When I post recipes for fat-free or low-fat, low-cholesterol, etc., it means I have worked out a recipe that is yummy and follows those restrictions. It is not hard and still quite satisfying, to eat within your restrictions once you learn to utilize some tricks and substitutions.
I can splurge at times and allow myself that for special occasions, although seldom not more than once a month. I then have to be very, very careful for the next few days. I pay for it. Too much salt, too much fat, cholesterol way over my limits, I can become dizzed out, seeing double for days. Often I have a very rough week while being good! Because of that I sometimes just let the frustration fly away and eat something a bit bad for me; so often I can't eat at all.
So tweak away, substitute that fat, or higher cholesterol ingredient, etc., based on your own dietary restrictions and needs. I will continue to post for my dietary restrictions. It is one of my personal challenges. I will often add the higher content food as an OR in the ingredient list. I trust you to know when you feel you can use full fat dairy and to salt to your taste, based on your own allowances.
My physical activity is so far below what my body was used to for most of my life, due now to my medical condition (no more mountain climbing, rough out hiking, swimming, archaeological digs, and geological surveys in the midst of nowhere). I am lucky to be able to walk very far and most days climbing the steep stairs in my own house to the second floor is not possible. I no longer have the same caloric needs I once did. I can observe my restrictions and my caloric intake, with grains, rice, pasta, nutritious homemade breads, lots of veggies, fruits, soy products, and small servings of lean animal protein, fish, and seafood.
Here is a fine web site for looking up the cholesterol, calories, fat content, sodium, and carbs of over 1,000 foods. Easy to use, it will help you get a good idea of basic counts per serving. Of course buying lean meat trimmed of fat, and de-skinning all poultry and fish, will reduce the fat and cholesterol count in your recipes.
I have to admit, I'm not a big salt person to begin with. I hardly use it to cook with and never add any extra at the table. But plenty of food out there is salty. I love olives and pickles as well as ketchup, mustards, and table salsas. I make my own Tabasco sauces with our peppers, and salsas with the fresh tomatoes, chilies, and herbs from our garden, so I am not immune to its temptations. And don't forget cheese! That dairy delight is high in sodium, besides the considerations some of us may have for low-fat and cholesterol restrictions.
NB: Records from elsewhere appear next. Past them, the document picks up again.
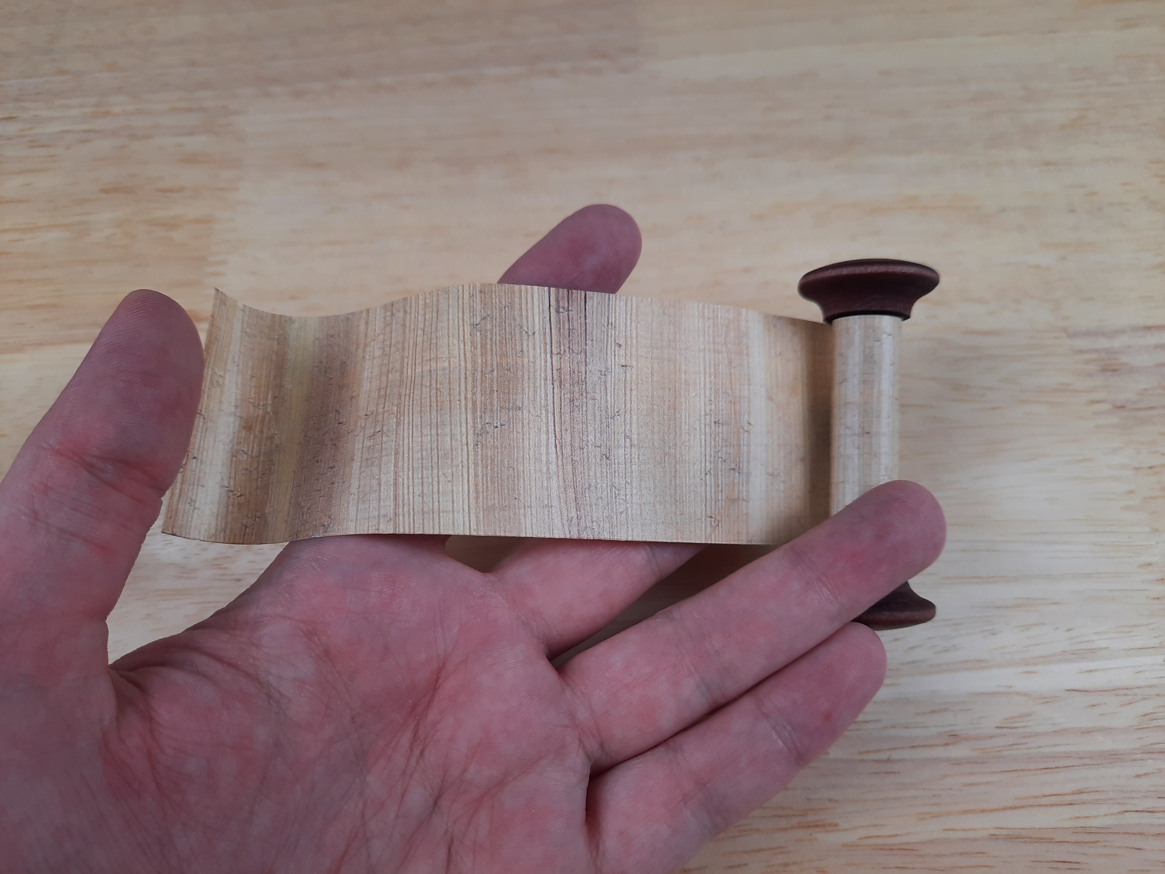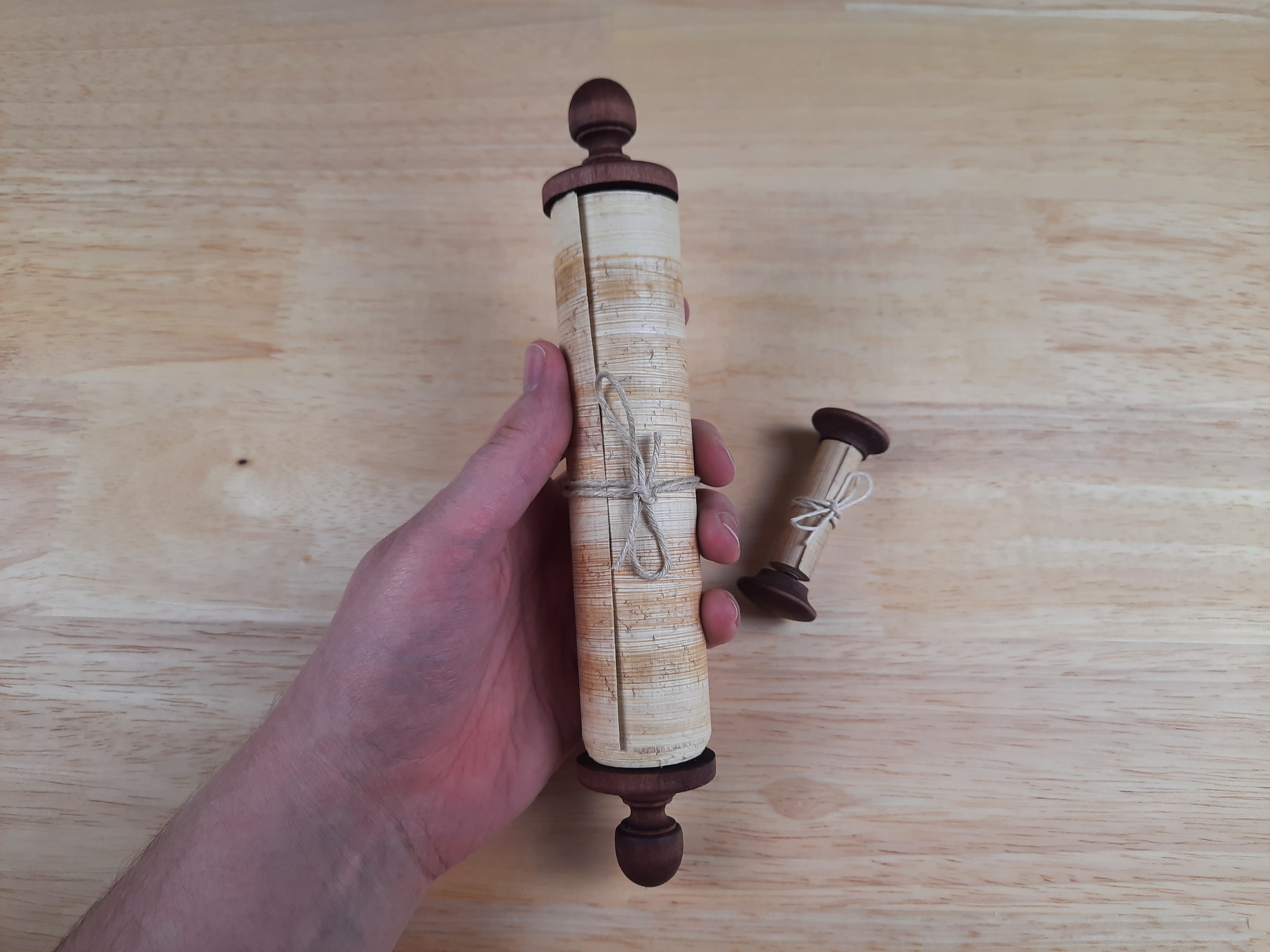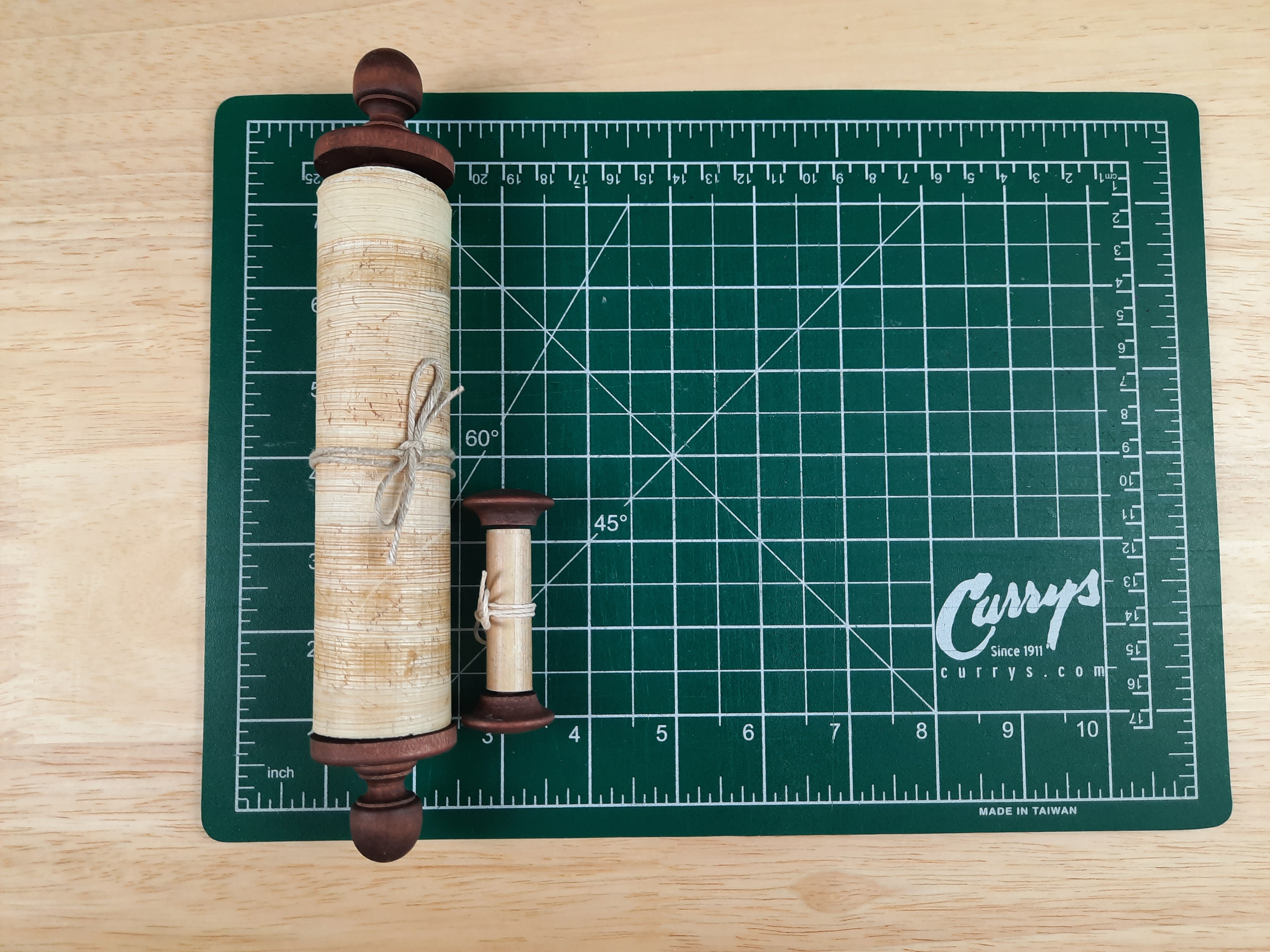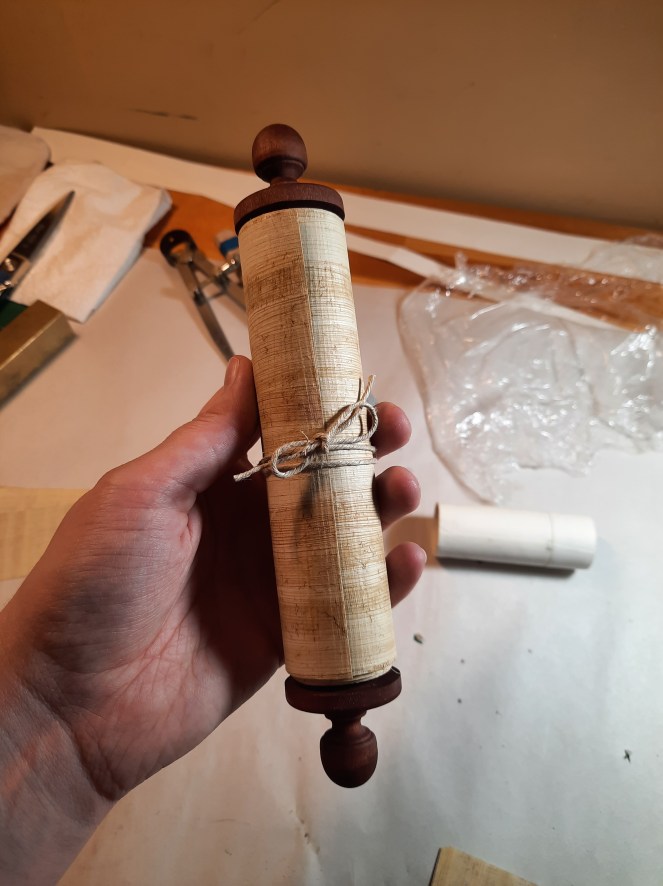 1. How did you attach the papyrus to the wooden umbilicus? I’m making my own scroll example and am having difficulty finding historical information about how best to attach and my papyrus seems very stiff for simply gluing it to on.
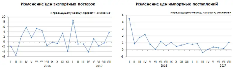 Изменение цен экспортных поставок и импортных поступлений в январе-августе 2017 года
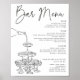 Add a touch of timeless elegance to your celebration with this black and white champagne tower bar menu sign, featuring a stylish illustration of cascading champagne flowing through a stacked flute tower. Designed in a classic minimalist aesthetic, this 8x10 printable sign is perfect for weddings, bridal showers, engagement parties, and upscale events. Easily personalize with your drink menu and frame for a polished, professional bar display.
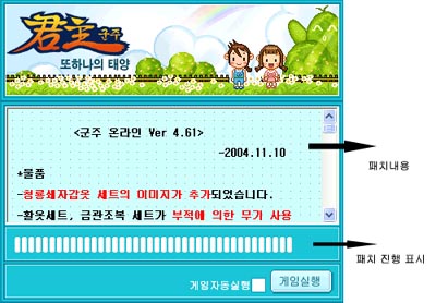 위 아이콘을 더블 클릭해서 군주를 실행시키게 되면 왼편처럼 하나의 창이 열리고 하얀색 막대가 주르륵 오른쪽으로 증가하는 것을 볼 수가 있지요. 왼쪽 그림에서 설명한 것처럼 패치가 진행 되는 동안에 이번에 패치된 내용과 지난번에 패치된 내용을 살펴 볼 수 있으니까 패치가 진행되는 동안 패치된 내용을 읽어보는게 게임을 하는데 도움을 받을 수 있습니다. |

Most of us are cheese eaters and feel deprived if we cannot cook with it, or just eat some when we want it.
So, how do you live and eat through all this? One very important point to remember while counting your sodium for the day is that it is important to divide your sodium intake as equally as possible between your meals. If you are allowed 1,500 mgs of sodium per day, and eat three meals a day, you can have 400 to 500 mgs per meal. If you want to snack between, try to pick fresh sodium-free foods such as fruits and vegetables or dried fruits. The sodium content is so low that you need not worry over a few milligrams slipping in there between meals, if you give yourself a little buffer. Most fresh fruits and vegetables have only 10 to 20 mgs sodium per serving.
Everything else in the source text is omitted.